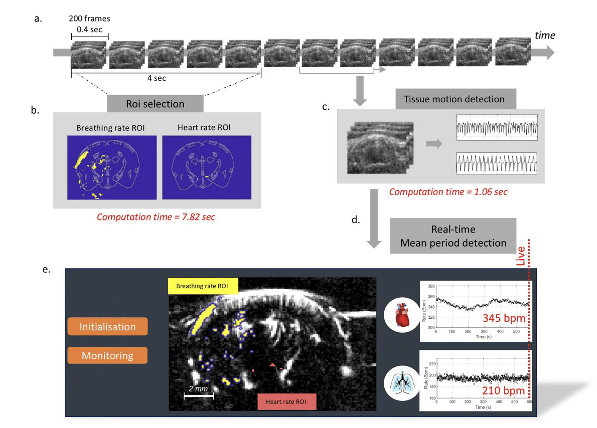 However, using the various methods for monitoring heart and breathing rates during fUS or fMRI neuroimaging studies on small animals is fraught with challenges. For example, electrodes remain the reference device for acquiring this data, but because they need to be implanted, they are only usually compatible with anesthetized rodents – precluding their use as part of fUS studies on awake, active animals.
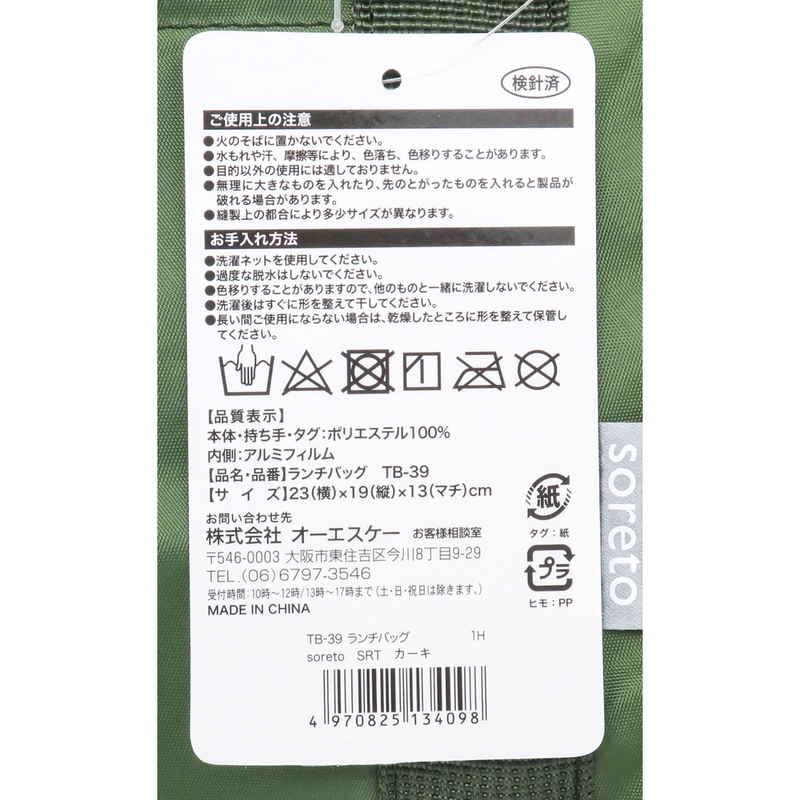 オーエスケー ランチバッグ soreto ウォッシャブルランチバッグ カーキ
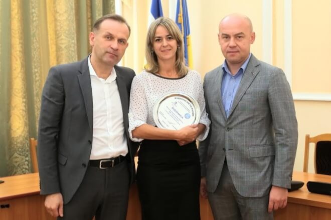 На фото: начальник Тернопільської ОДПІ ГУ ДФС в області Петро Якимчук, заступник директора будівельної компанії «Креатор-Буд» Ліна Прокопів та міський голова Тернополя Сергій Надал під час нагородження
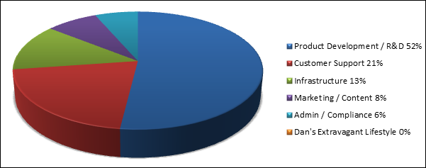 Then another 20% on customer support and another 12% on servers, bandwidth and back up.  Essentially everything gets reinvested into the business.  A fee increase means collecting more money to fund product development faster and build out real time, live customer support options.
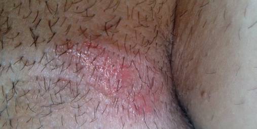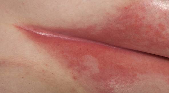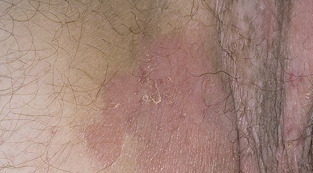 Начавшись со слизистых оболочек половых органов, инфекция может распространиться на кожу в области паховых складок. В этом случае появляются зудящие розовые пятна, которые сопровождаются шелушением.
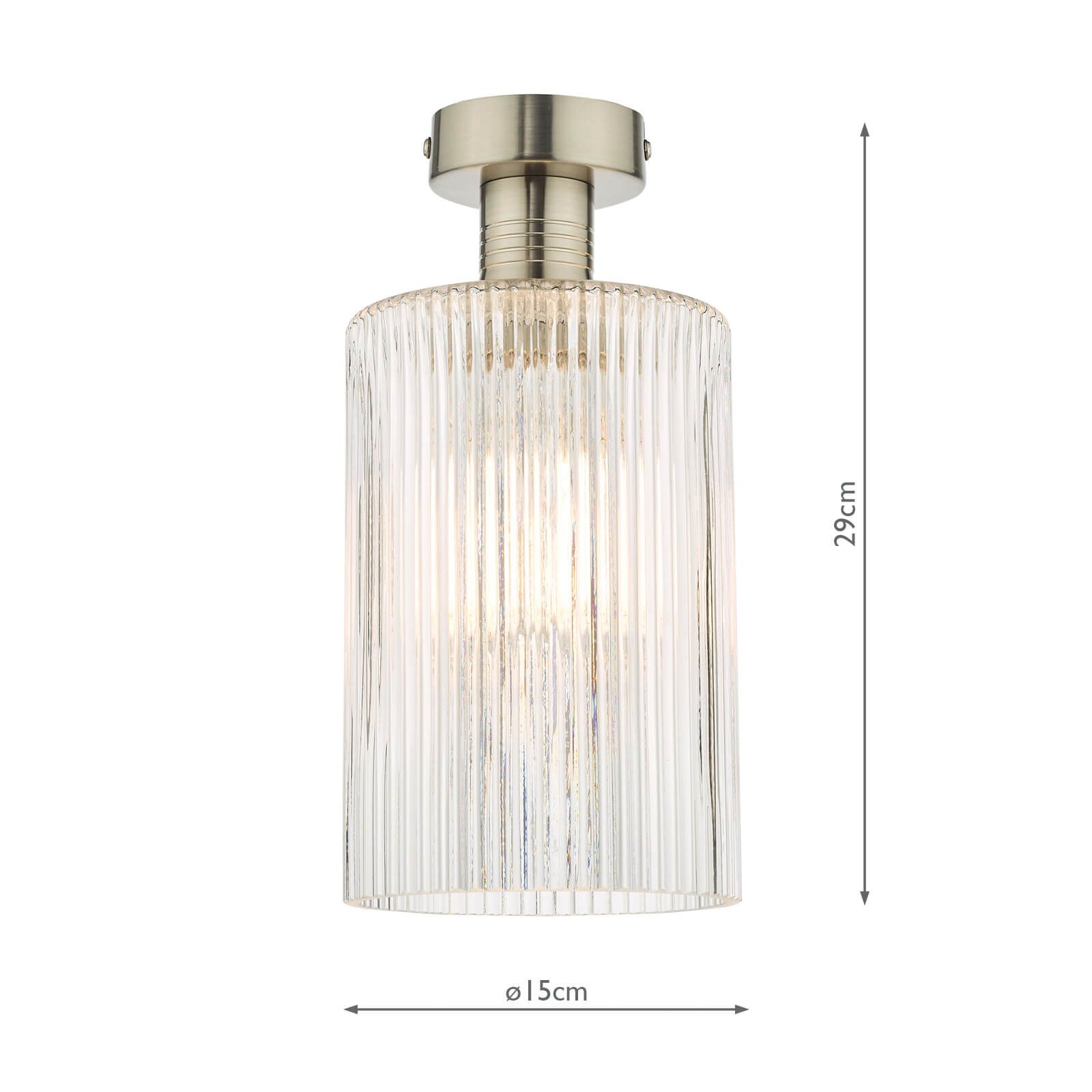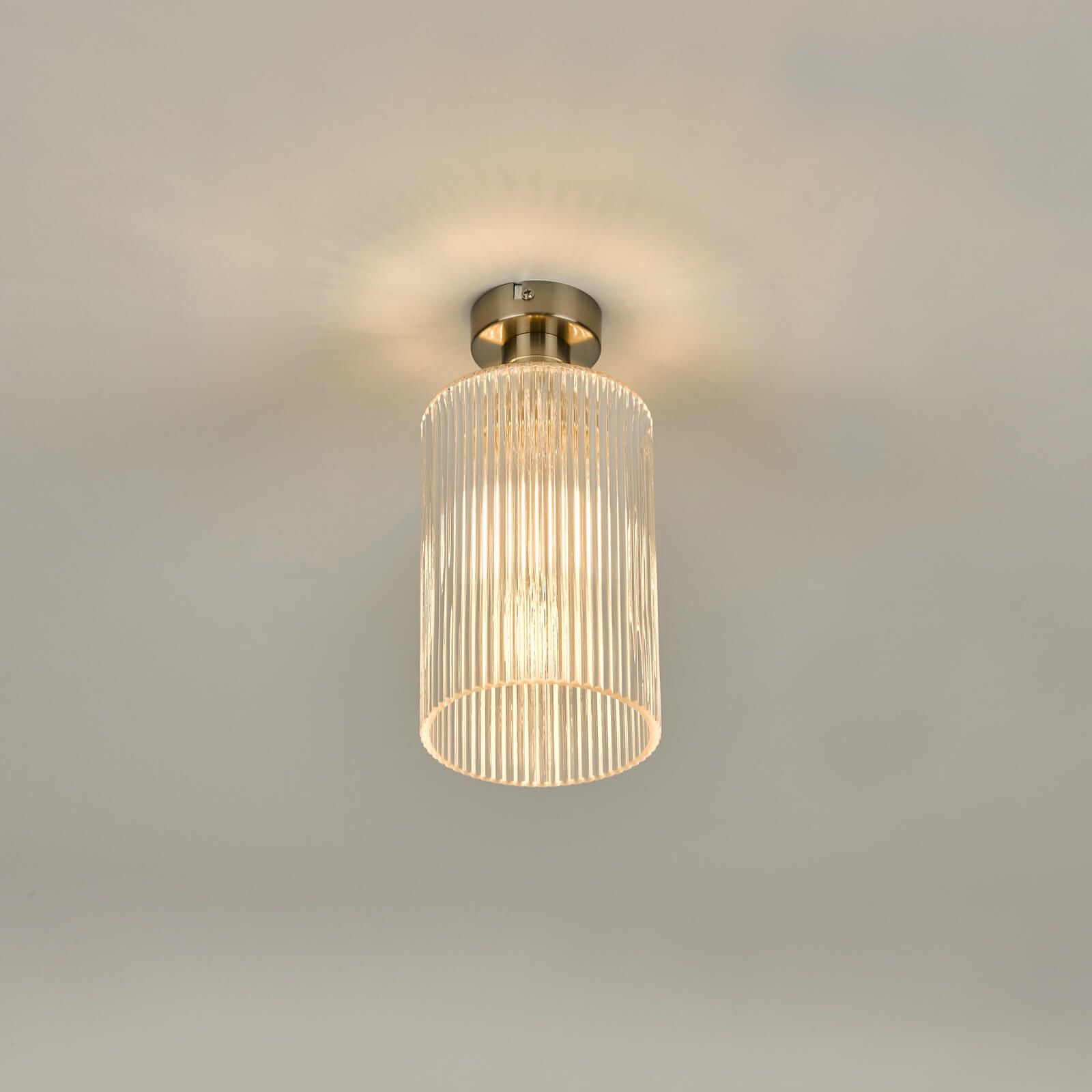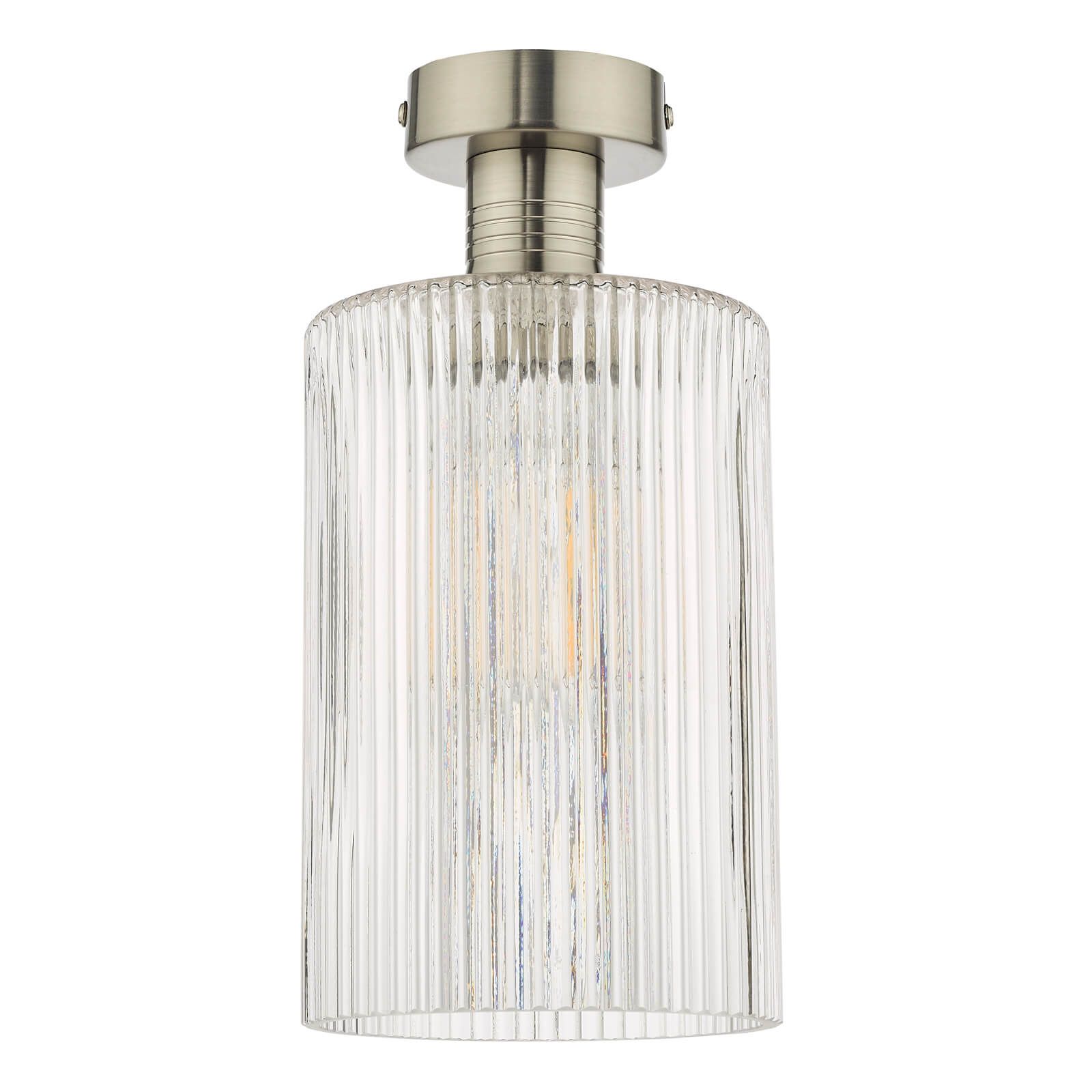 Emerson Semi Flush Antique Chrome Cylinder Ribbed Glass
----
> [Task to carry out]: The line with "На фото: начальник" marks the end: restate word for word every line from the top of the data through that one, omitting pictures.

> [Your solution]:
 However, using the various methods for monitoring heart and breathing rates during fUS or fMRI neuroimaging studies on small animals is fraught with challenges. For example, electrodes remain the reference device for acquiring this data, but because they need to be implanted, they are only usually compatible with anesthetized rodents – precluding their use as part of fUS studies on awake, active animals.
 オーエスケー ランチバッグ soreto ウォッシャブルランチバッグ カーキ
 На фото: начальник Тернопільської ОДПІ ГУ ДФС в області Петро Якимчук, заступник директора будівельної компанії «Креатор-Буд» Ліна Прокопів та міський голова Тернополя Сергій Надал під час нагородження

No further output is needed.